Chemotherapy and radiotherapy were undertaken but Mr Tyrrell developed bilateral pneumonia which was the immediate cause of death.

7

Mr Tyrrell died in the University Hospital of North Durham. His death was notified to the coroner, Andrew Tweddle. An inquest was opened and adjourned. The death was also notified to the PPO. The PPO is a non-statutory body which operates pursuant to Memoranda of Understanding with the Ministry of Justice, under whose auspices it operates. It is functionally independent of the Ministry and of the Prison Service. One of its functions is to investigate any death of a person in custody. It did so in this case and produced a report in January 2014. The PPO examined the dealings of Mr Tyrrell with all clinicians who visited the prison, the prison medical and dental staff as well as reviewing the treatment he had received externally. The PPO was concerned with the way in which Mr Tyrrell was managed as a prisoner during his illness, including questions of whether he might have been released on temporary licence in the final stage of his illness and the conditions of security maintained at the hospital. Mr Tyrrell's family were engaged with the PPO investigation. A clinical review was commissioned by the PPO which examined the complete history of Mr Tyrrell's medical dealings since his imprisonment. The reviewers concluded that the diagnosis of the terminal illness was made appropriately and that the post-diagnosis treatment was conducted to an appropriate standard. The result was that the PPO was satisfied that the clinical care provided to Mr Tyrrell was equivalent to that which he would have obtained in the community. It looked at a large number of detailed questions posed by his family concerning both the medical attention he received and documents and information management.

8

The report, including the clinical review, was provided to the coroner. The post mortem examination report established the cause of death, which was uncontroversial. The coroner did not rest upon the PPO investigation without more. He commissioned medical evidence with a view to exploring further the question whether the diagnosis of Mr Tyrrell's cancer had been timely. He held two pre-inquest reviews.
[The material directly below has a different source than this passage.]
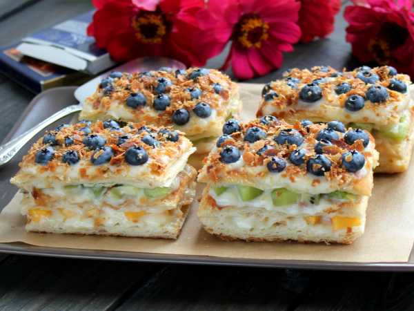 Подготовим ингредиенты для торта и для крема. Мы используем готовое слоеное тесто. Можете приготовить тесто самостоятельно, рецепт есть на нашем сайте - ЗДЕСЬ.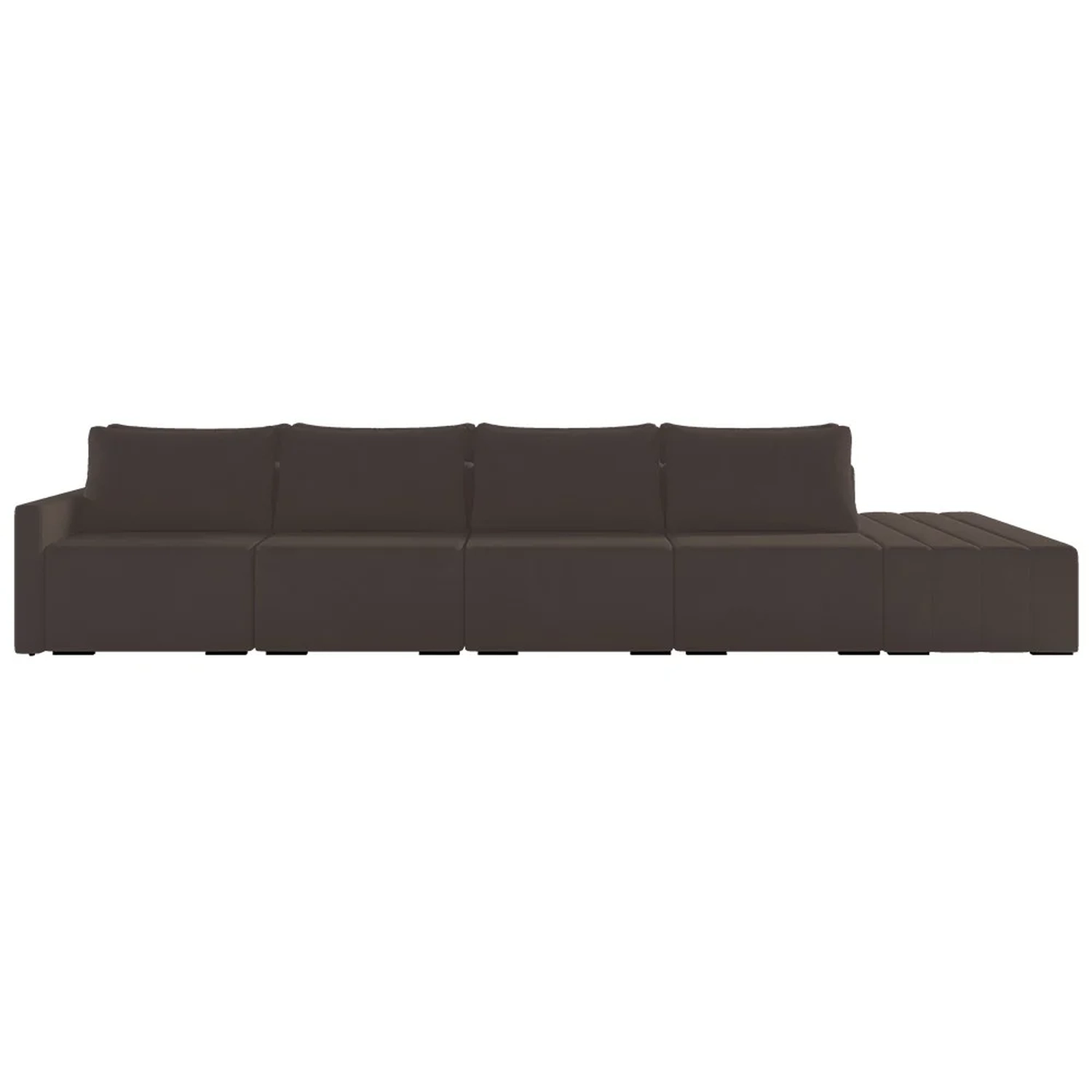 Eleve seu espaço de convivência a novos patamares de luxo com o Sofá Ilha Modular com Puff para Sala Living 432cm Georgia Z08 Veludo Marrom, da Mpozenato!

In May 2014 the claimant instructed Professor Christopher Nutting, Clinical Director and Head of Neck and Lung Cancer Units at the Royal Marsden Hospital, to conduct a complete review of the treatment received by Mr Tyrrell. He reported on 5 August 2014. He described the tumour as relatively rare and notoriously difficult to diagnose. Although the original throat pain was likely to have been caused by the early development of a tumour Professor Nutting was not critical of the various medical staff who dealt with Mr Tyrrell. It was not until mid-February 2013 that the symptoms were such that a diagnosis became feasible, although it was not suspected by the clinicians. Professor Nutting's report provides no foundation for any suggestion of negligence on the part of the many medical practitioners who examined or treated Mr Tyrrell in the year before his death, still less of any systemic failings in the medical care provided by or through the prison medical services or the NHS. The position adopted by Mr Tyrrell's family was that they wished to explore further whether there was negligence in the late diagnosis of the tumour.

9

It was in all these circumstances that the coroner decided that no further investigations were called for and that article 2 ECHR did not dictate any further action on his part.